Una librería es un negocio poco
frecuentado. Sólo los fieles como las iglesias. Con las posibilidades de
descarga de libros incluso los fieles caen en pecado, también como las
iglesias. Vlad no necesita vender libros para vivir. La librería es una
tapadera que oculta la cripta de su casa. Pero Vlad necesita el contacto con
los seres humanos del mismo modo que un ganadero o un veterinario necesita
conocer las costumbres de las reses o las mascotas. Necesitas conocer lo que
comes. Los murciélagos tienen un oído fino para escuchar el vuelo de un
mosquito cargado de sangre. Vlad, sentado en la butaca espiaba las
conversaciones de sus clientes. Dos mujeres jóvenes hablan entre sí mientras hojean
libros de viajes.
“Acabo de venir de Chicago. Una
ciudad alucinante. El lago, los rascacielos. Esas edificaciones que recuerdan
el gótico centroeuropeo, incluso la torre Hanckok, negra, con su porte recuerdan
los castillos y las catedrales. Y esa mezcla de sangre europea, india,
sudamericana, asiática...”.
Una mezcla de sangre en un
ambiente gótico. Un cóctel humano para romper la monotonía. Sabores a salsa
barbacoa, a curry, a mantequilla, a angostura y hierbabuena,. Comenzaba a
salivar. Las clientas salieron sin despedirse. Se acercó al mostrador y cogió
los libros que habían dejado. Ocho horas de vuelo. Los vampiros siempre han
viajado en barco. Entre multitud de contenedores un ataúd puede pasar
desapercibido, pero el barco era lento y él quería ir ya. Se sentó delante de
su ordenador. Tenía dos opciones, facturarse con el ataúd, su tierra transilvana y él mismo o viajar en el avión en vuelo nocturno y el ataúd
facturarlo aparte. Imposible mandar el ataúd ocupado en el avión. Los trámites
eran engorrosos, y la posibilidad de pasar la frontera americana casi nula.
Para volar necesitaba el ESTA, leyó el formulario, no pensaba matar al
presidente ni introducir alimentos o contrabando, no pensaba trabajar, nada
decía de sorber sangre de sus ciudadanos o visitantes. Pagó y lo imprimió. En
48 horas estaría en Chicago. Madrid quedaba al alcance de su vuelo. Renunció a
llevar su ataúd. Fue mucho más fácil comprarlo en destino y que lo llevasen a
la habitación de un motel. La tierra que necesitaba podía llevarla a buen recaudo
en el equipaje de mano, diez kilos son suficientes para acolchar un ataúd.
A Madrid llegó fatigado. Nunca
antes había sentido esa sensación. En Sol su cuerpo era decrépito. Caminó
lento, sin fuerzas hacia la Gran vía, y llegó a Chueca donde bebió hasta
saciarse de un fornido transexual de labios como almorranas. Después una puta
congoleña. Nunca antes había necesitado dos humanos para saciarse. Una hora
antes de amanecer tomó una habitación sin ventanas en el mismo barrio,
improvisó una caja con cartones y extendió la tierra. Al anochecer amaneció,
bebió un sorbo de la casera, una octogenaria viuda de un guardia civil y voló a la
terminal cuatro.
Le había costado hacerse de la
tarjeta de embarque. Miraba cada cinco minutos su pasaporte, el ESTA y la reserva del hotel. Su cuerpo era mudo al escáner convencional y al térmico.
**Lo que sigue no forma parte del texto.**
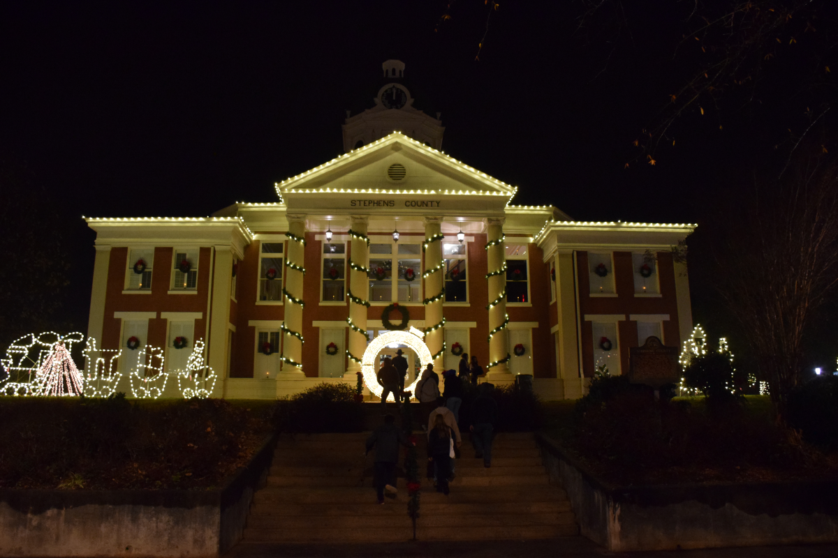 A small but cheerful crowd gathered Friday night in Toccoa for the annual Christmas tree lighting on the historic Stephens County Courthouse lawn. The event was part of the city’s annual Christmas Fest.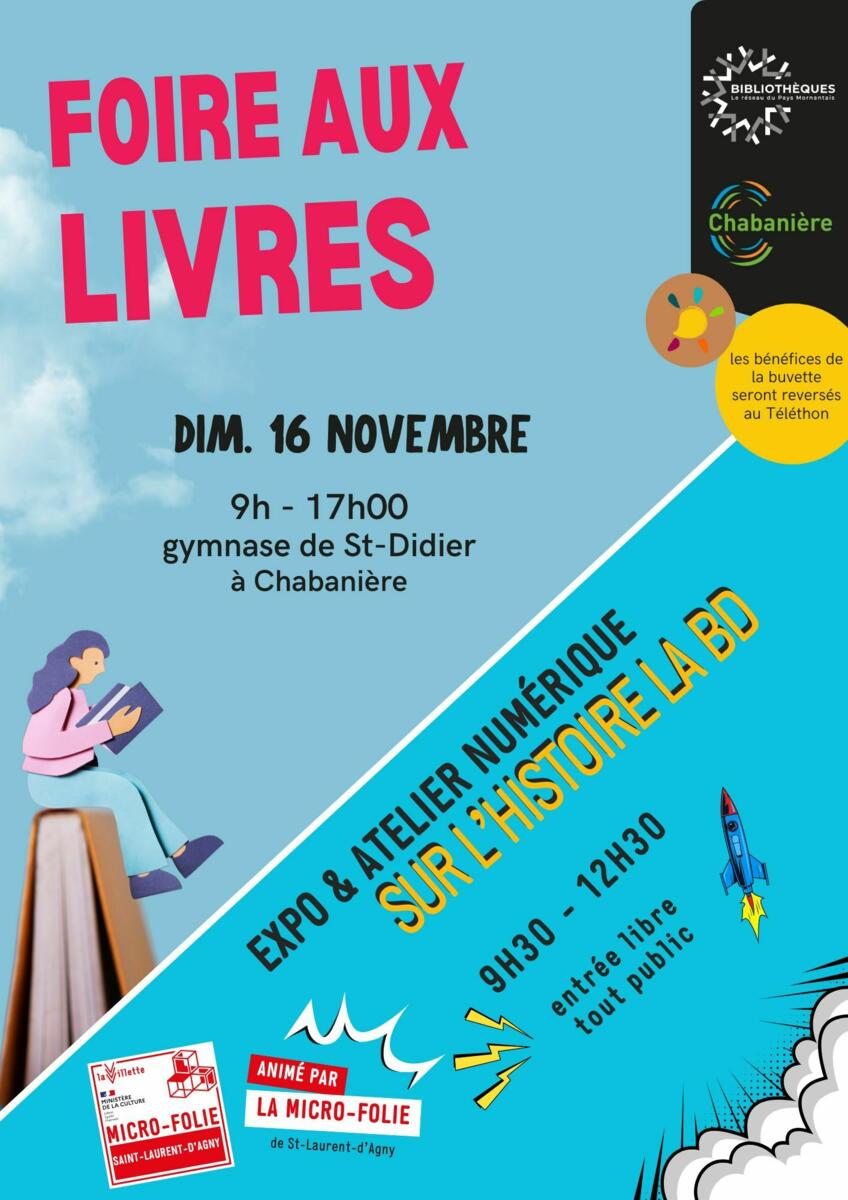En parallèle de la foire aux livres, Retrouvez la Microfolie de St Laurent d'Agny pour explorer l'histoire de la BD autour d'une expo et d'un atelier numérique sur tablettes.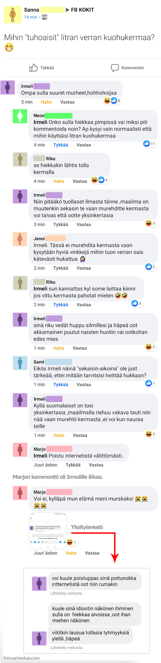 Feissarimokat: Sanna pyytää vinkkejä kerman käyttöön – Irmeli pahoittaa mielensä välinpitämättömyydestä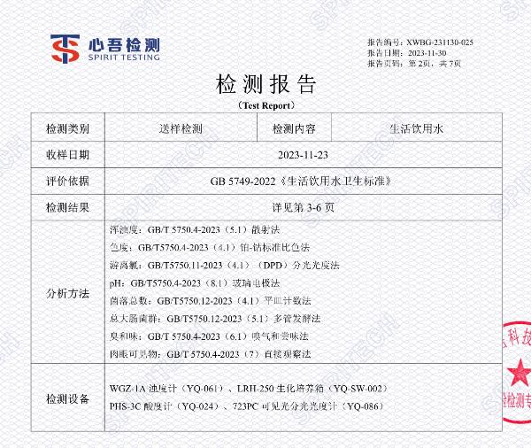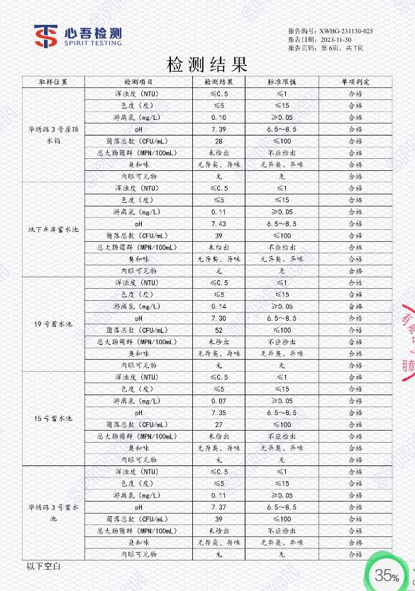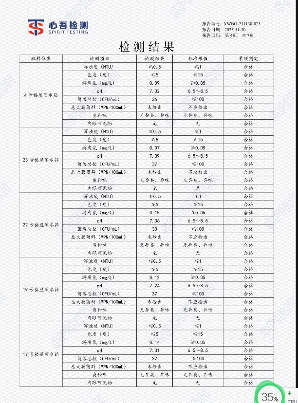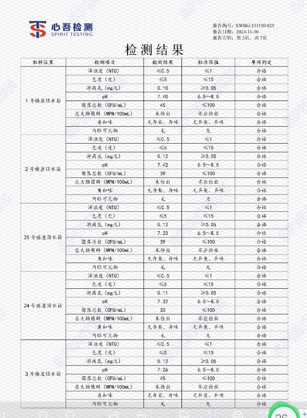 二次供水水质检测有新的规定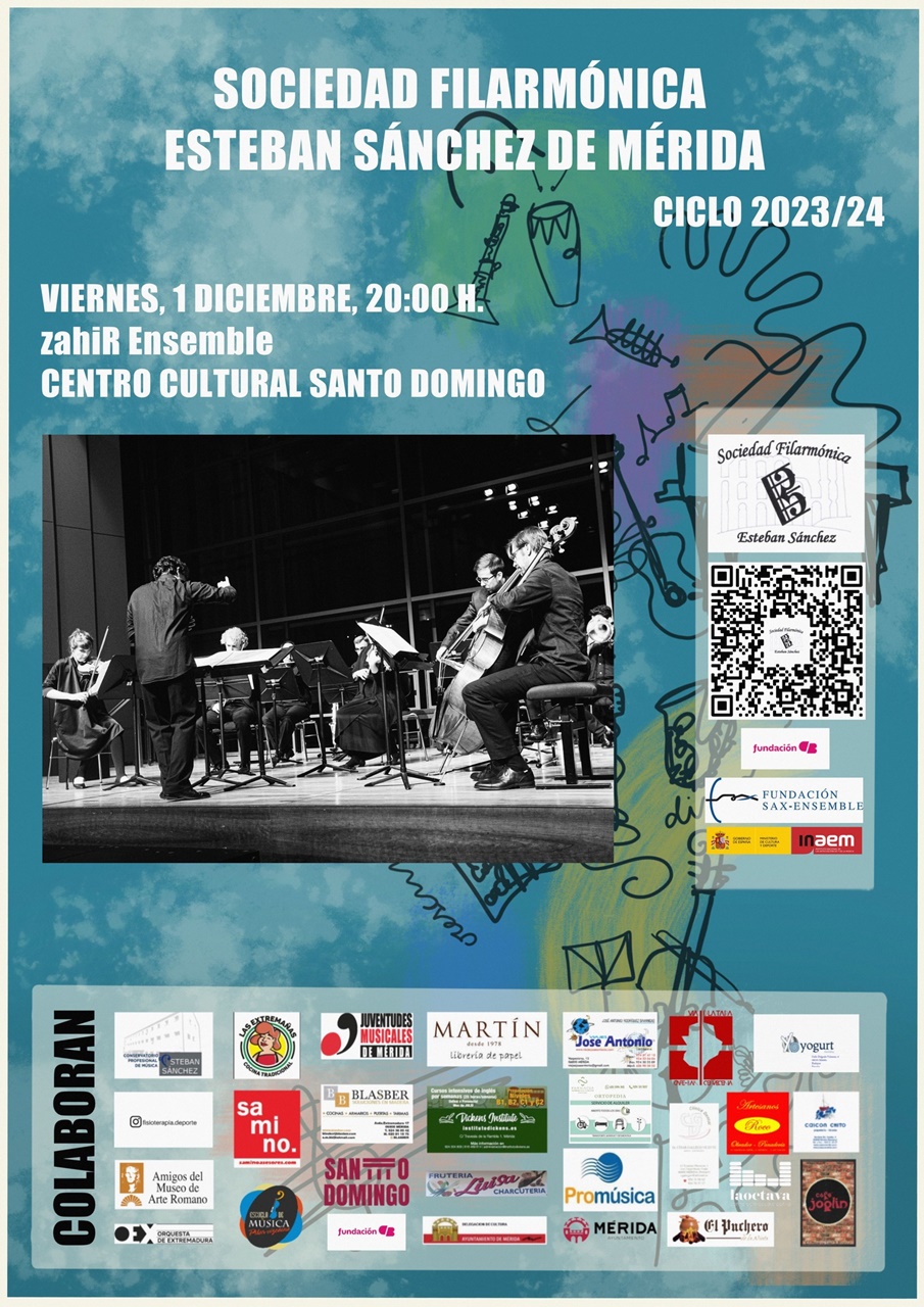 El viernes dia 1 de diciembre, a las 20:00 h, en el Auditorio del Centro Cultural Santo Domingo tendrá lugar un concierto a cargo del grupo ZAHIR ENSEMBLE, que desarrollará un programa con obras de JOHANNES BRAHMS, GABRIEL ERKOREKA y FÉLIX MENDELSSOHN BARTHOLDY. El concierto está organizado por la Sociedad Filarmónica «Esteban Sánchez» dentro de su ciclo de conciertos anual.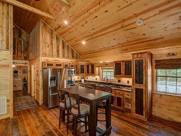 2 Bedroom, 2 Bath all wood cabin! This cabin has everything you would want in your mountain getaway. Sawmill wood floors, the perfect mixture of wood colors on the walls, pine burnt cabinets with old barn tin on the doors, granite in the kitchen and upgraded wood vanity tops in the bathrooms, rock fireplace and more. Outside is a large enclosed fence for your pets to enjoy, hewn D-Log siding, a full length covered porch, and plenty of room for parking or a garage. Only minutes to downtown Murphy!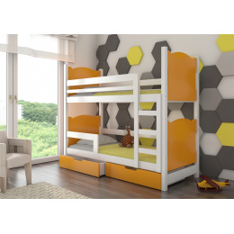 Kétszemélyes emeletes ágy matracokkal MARABA Fehér+Narancssárga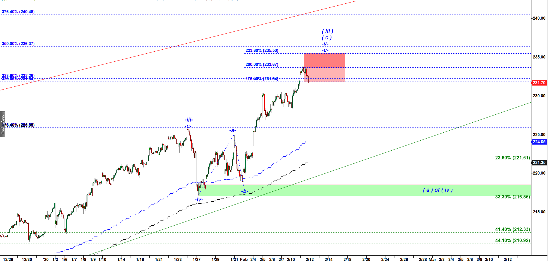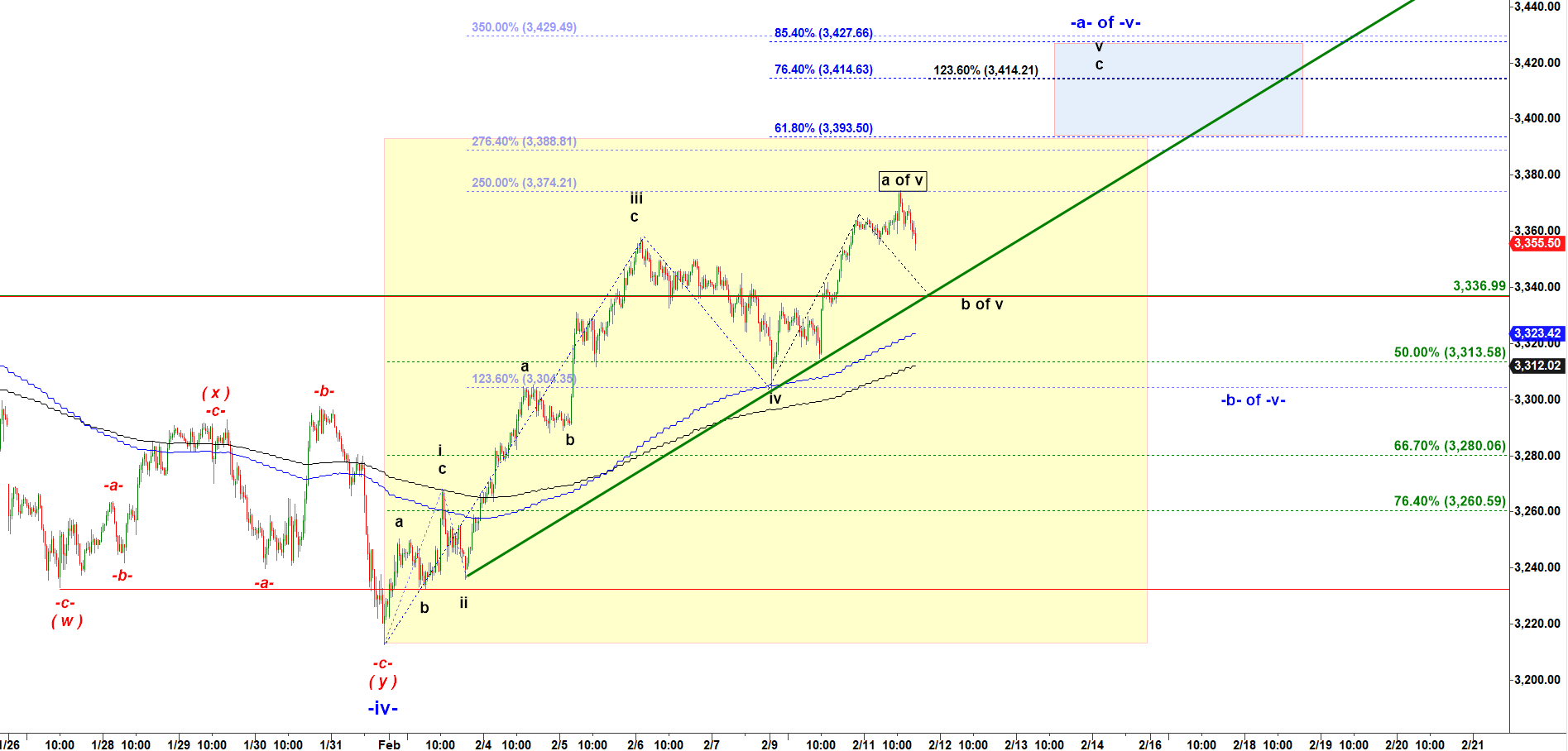 It topped in what could be subwave a of v and started decline in a corrective subwave b down.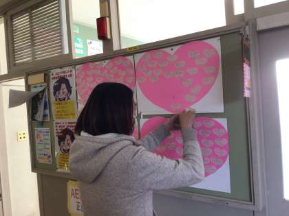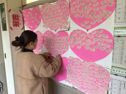 保健スタッフの「愛メッセージ」が保健室前の掲示板に掲示してあります。たくさんのあたたかいメッセージが寄せられています。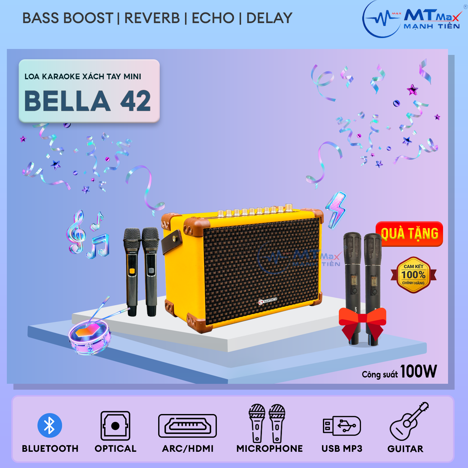 Loa Xách Tay Karaoke Sumico Bella 42 - Âm Thanh Vượt Trội, Thiết Kế Trẻ Trung, Tặng Micro Không Dây Q03 Chính Hãng, Bảo Hành 12 Tháng.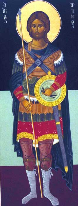 - He came from a noble family, and was appointed military Governor of Alexandria and Egypt by the Emperor Constantine the Great. Some years later, the Emperor Julian the Apostate strove to restore pagan idolatry as the official religion of the Empire. He also entered into a war with Persia, and established Antioch as his headquarters for pursuing the war. In Alexandria, Artemius received an order to come to Antioch with the military forces under his command. Artemius reported to the apostate Emperor just in time to see him ordering the cruel execution of two pious Christians, Eugenius and Macarius. Fearlessly, Saint Artemius immediately denounced the Emperor, telling him to his face that his anti-Christian policy was of demonic origin. The enraged Emperor instantly had Artemius stripped of all official rank and thrown into prison. The following day, he had Artemius brought before him and promised him high Imperial office if he would only renounce Christ and worship the idols. When Artemius forcefully refused to do this, he was publicly tortured to death. A pious noblewoman secretly recovered the Saint’s relics and took them to Constantinople, where they were venerated and wrought many miracles for several centuries.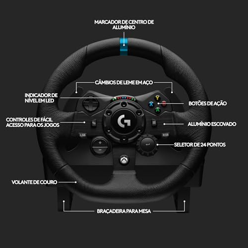 - MATERIAIS PREMIUM – Design Logitech G atualizado com volante de metal, couro costurada à mão e pedais de metal polido.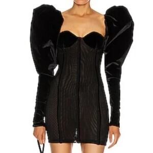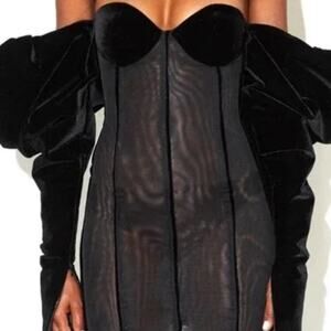 LaQuan Smith Off Shoulder Puff Sleeve Dress in Black Size Medium / Large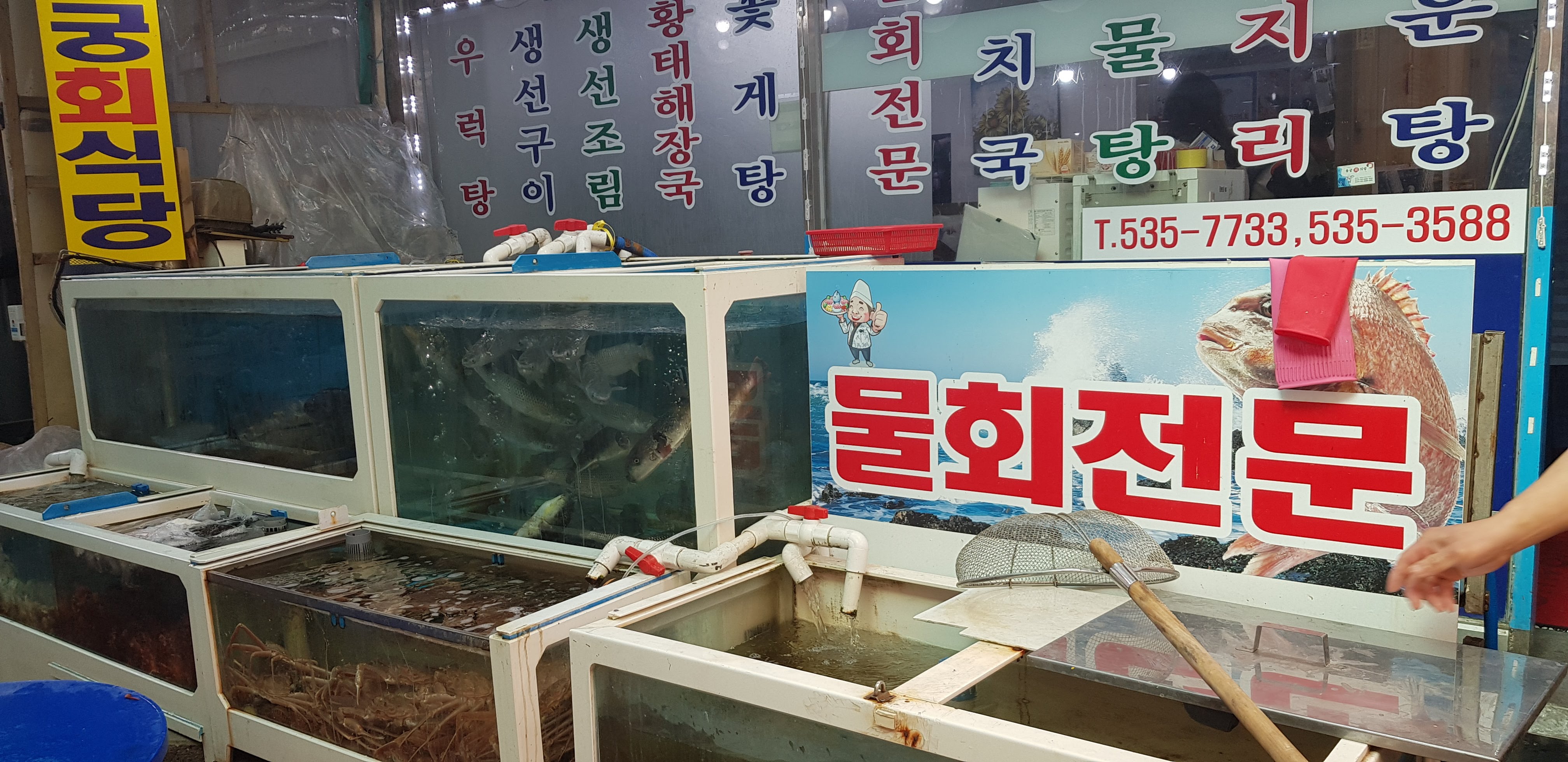제가 찾아갔던 식당은 시장에서 조금 걸어들어가야 있는 "용궁횟집"이었습니다.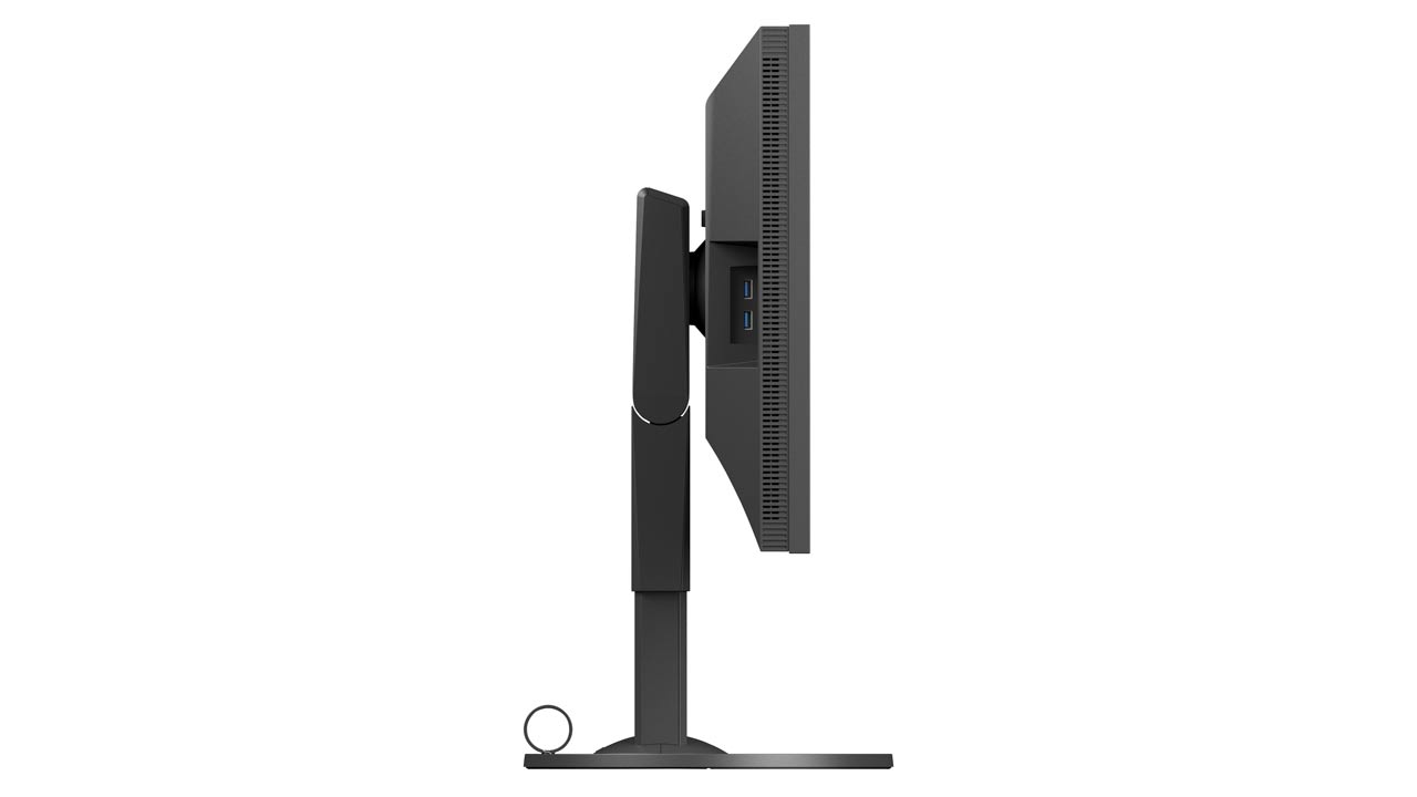 Der Monitor lässt sich vielfältig in der Höhe und Neigung verstellen und lässt sich zudem in Pivot-Stellung hochkant drehen.

Después de tres intentos sin producir ninguna imagen, le cachearon. “Está usted
helado” “Acabo de despertarme” “¿Toda esta tierra?” “Un amigo está en las
últimas. Es por eso mi viaje. Me ha pedido tierra de su pueblo para descansar
en paz” “Como los vampiros” “Sí, exacto” “Pase, pero quizás en aduanas de los Estados
Unidos tenga algún problema” “Gracias”. Ya estaba. Ahora a esperar el avión.
Miró los paneles. Localizó el vuelo y leyó DELAYED. Se acercó al mostrador y le
dijeron que al menos cuatro horas. “Eso supone llegar de día” “Si no hay nuevos
cambios sí” Tomó su equipaje de mano y abandonó la terminal. La guardia que le
atendió reposaba en un lateral tomando un bocadillo. “¿No vuela?” “Mi amigo ha
muerto. Mi viaje no tiene sentido” “Lo siento. ¿Si puedo hacer algo por usted?”
“Creo que sí”. Desayunó antes de regresar a Murcia.